Addition/correction: There are some 6-7 hundred million ounces of Ag, (silver) mined annually however, the world's AnnualDemand is 800,000,000 +++. What this means to people who are able to add and subtract is that even with the 600,000,000 ounces of Ag. mined annually, there is still at least a 100,000,000 oz. Deficit for the world's Demand of this precious metal. The above writer attempted to draw parallel lines for the amount of silver mined annually compared with the number of fiat dollars printed but how would anyone try to compare 600,000,000 ounces of silver that are Spoken for by Industry, and Investors the second they are delivered while the $600,000,000,000 (6 hundred billion ) Fiat Dollars thrown out into circulation will remain in circulation CHASINGgoods (translated, 6 hundred billion fiat dollars= DEBASEMENT of the already Debased $$$) as opposed to the 6 hundred million ounces of silver with a 100,000,000 oz. Deficit (translated, once delivered, the silver is Out of CIRCULATION and Used up by industry and NEVER to return and the investor's silver sitting in private vaults growing in value) Not much of a comparison. Was that above writer JAMIE DIMON?
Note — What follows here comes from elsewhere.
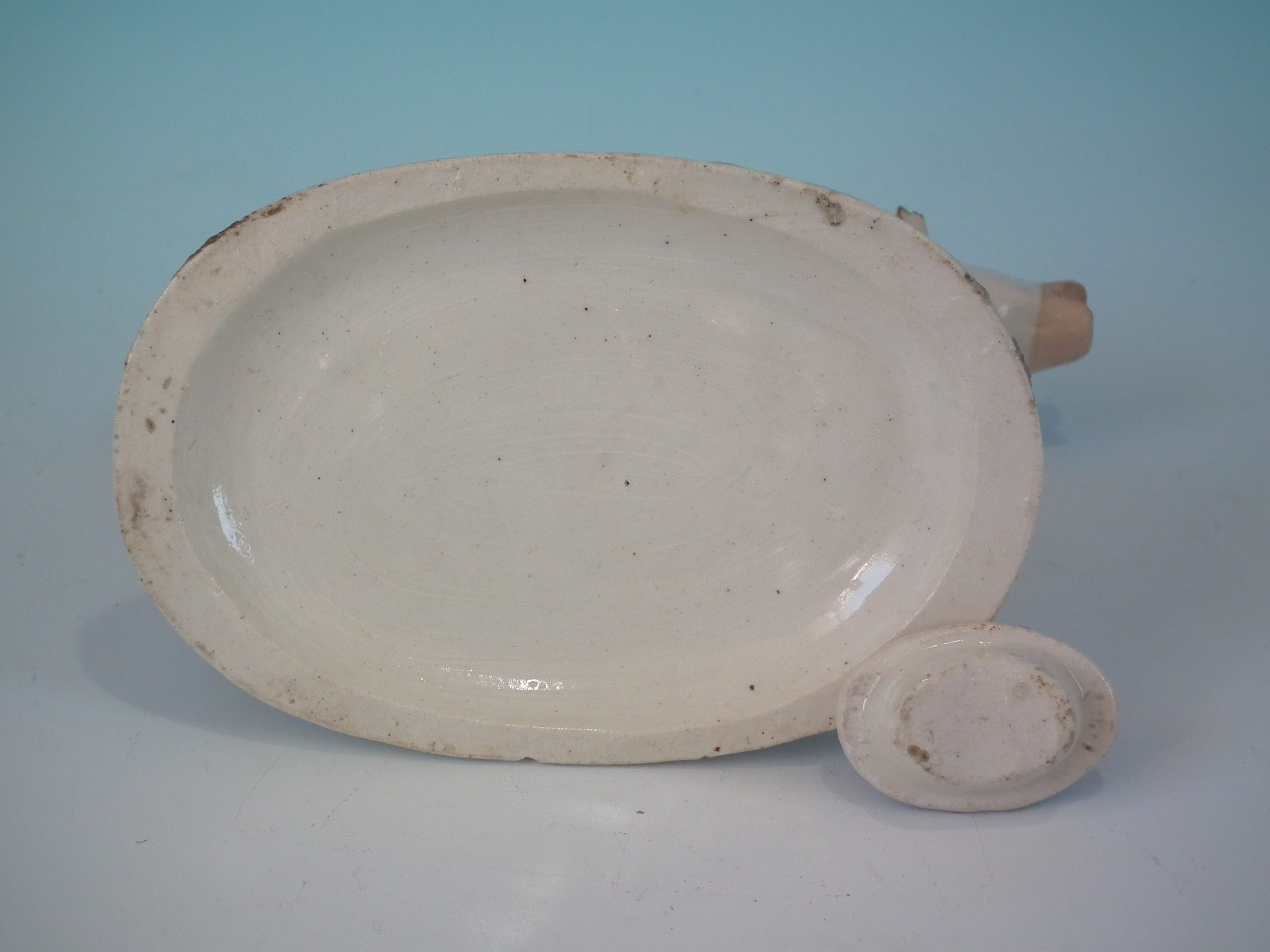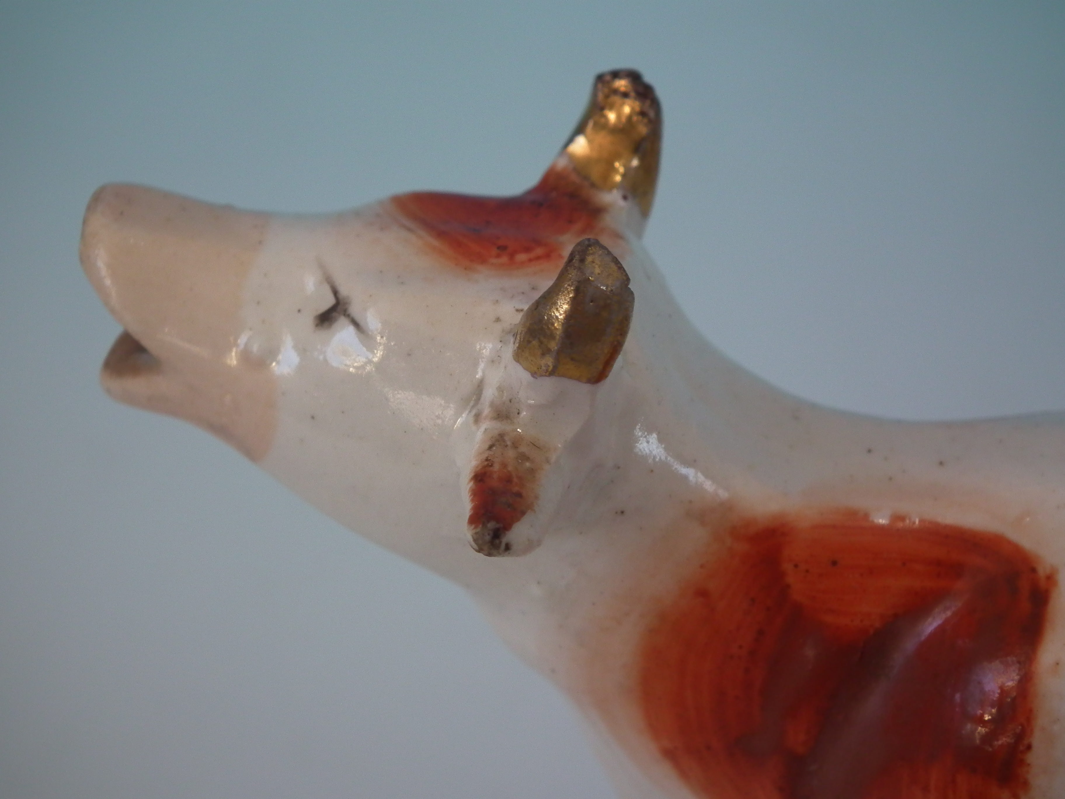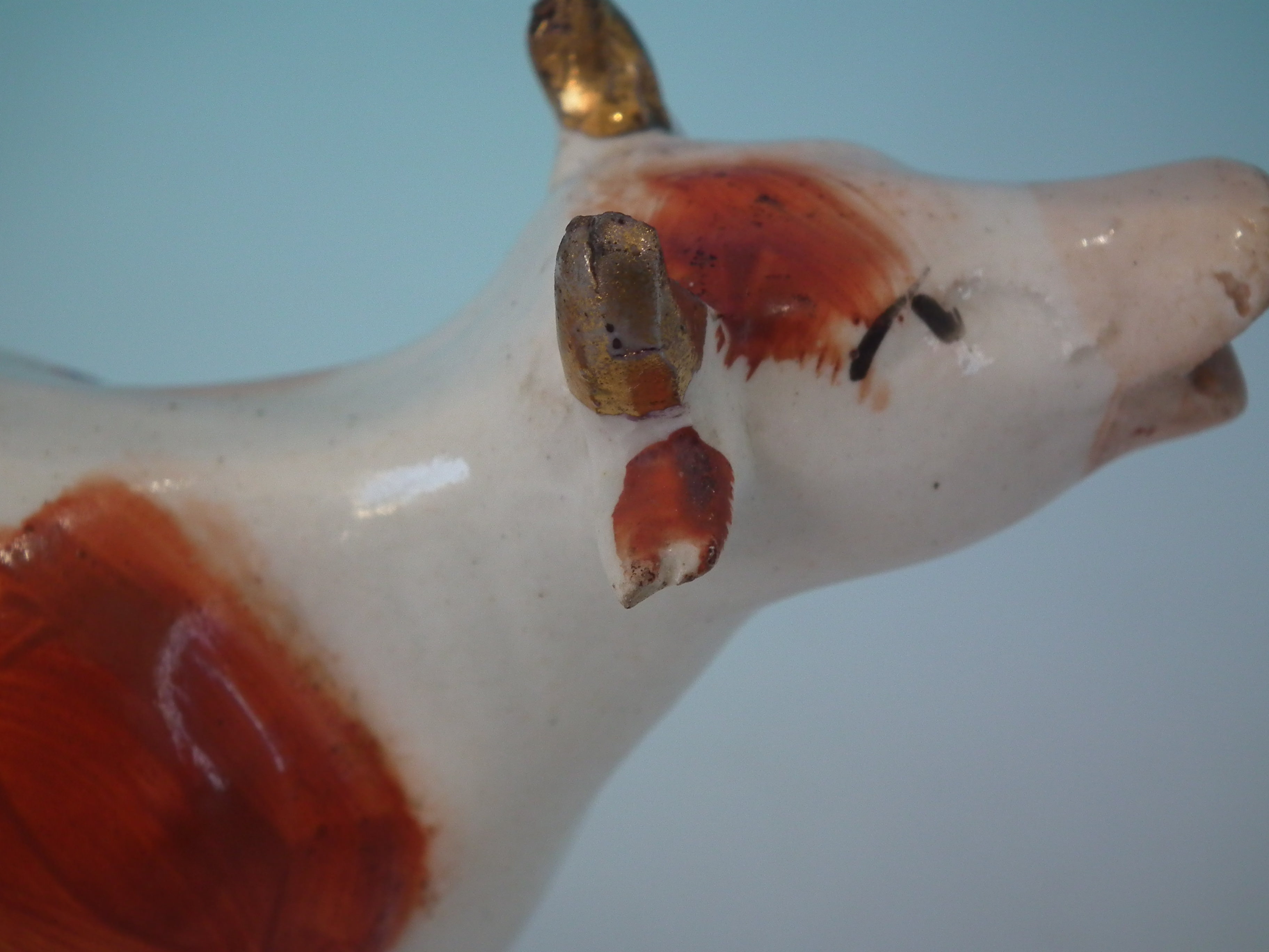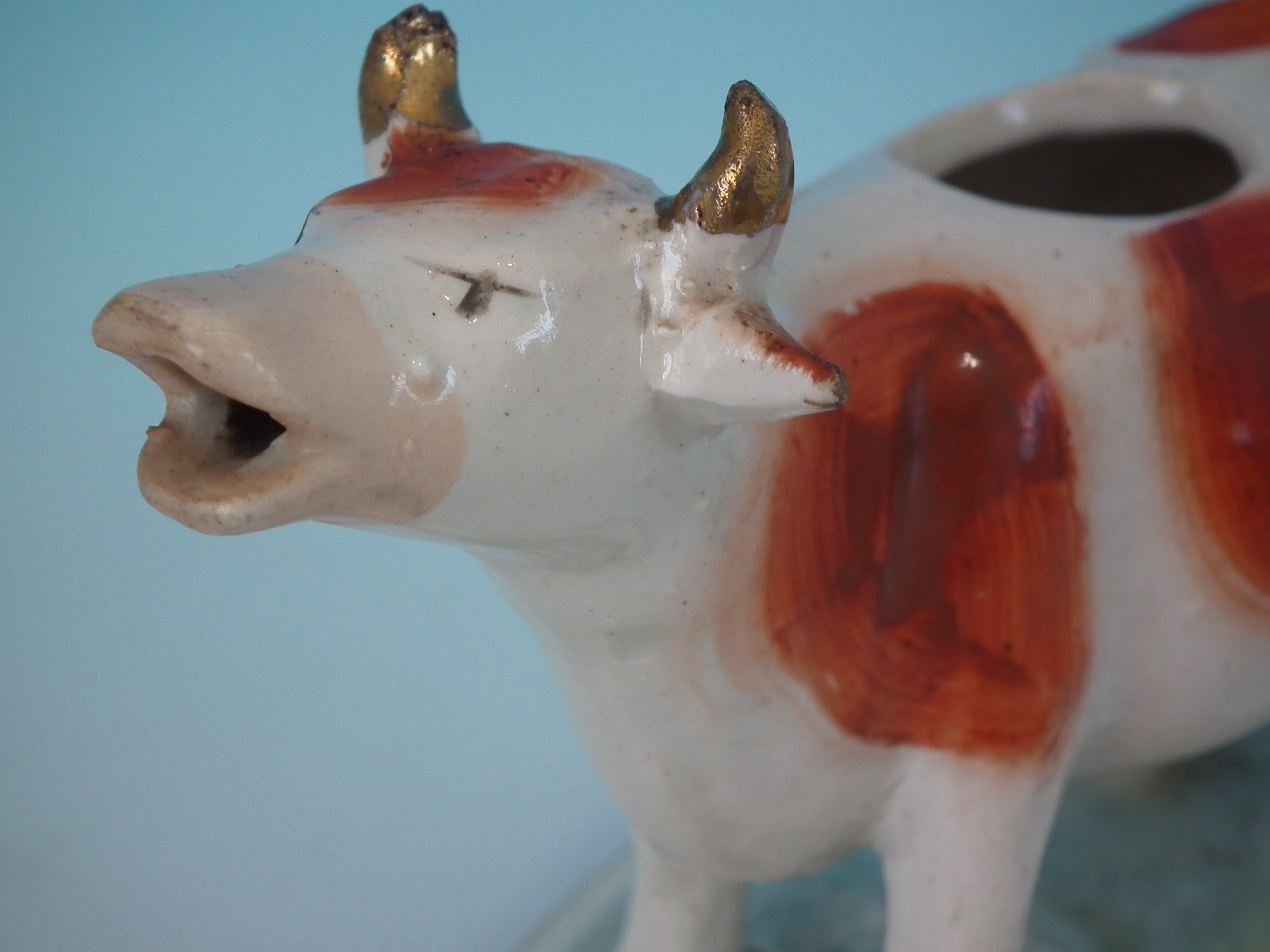 Creamer: Good. No restoration. Small chip to right horn.

Correction: The annual silver mining production of the world in y2008 was 680 million troy ounces, or about 21,000 tonnes.

Pros: concerns about the value of printed money, universal value as currency, the best conductor of electricity (but if it gets too expensive is easily replaced with copper).

Cons: tarnishes (limits industrial value), not a fixed quantity (either!)

Reply: Tarnish or no Tarnish Ag. (silver is still the BEST conductor of electricity. Who like drinking clean purified water? You have Silver to thank for that. How about that computer you're using this very moment, (silver again) I'm sorry, did you say solar energy? Ok, I thought you said solar energy = silver (you're right) How about that Anti-Biotic? No, not copper! Yes silver again.... When was tha last time you needed good batteries? Yesterday? Well thank God for silver again..... Is that you Jamie? Jamie, Jamie Dimon (Ceo of JP Ricco Act Morgan)

Opinion: I feel it is a good investment, but it is not a "no-brainer." Know the risks, especially when buying at all time high prices...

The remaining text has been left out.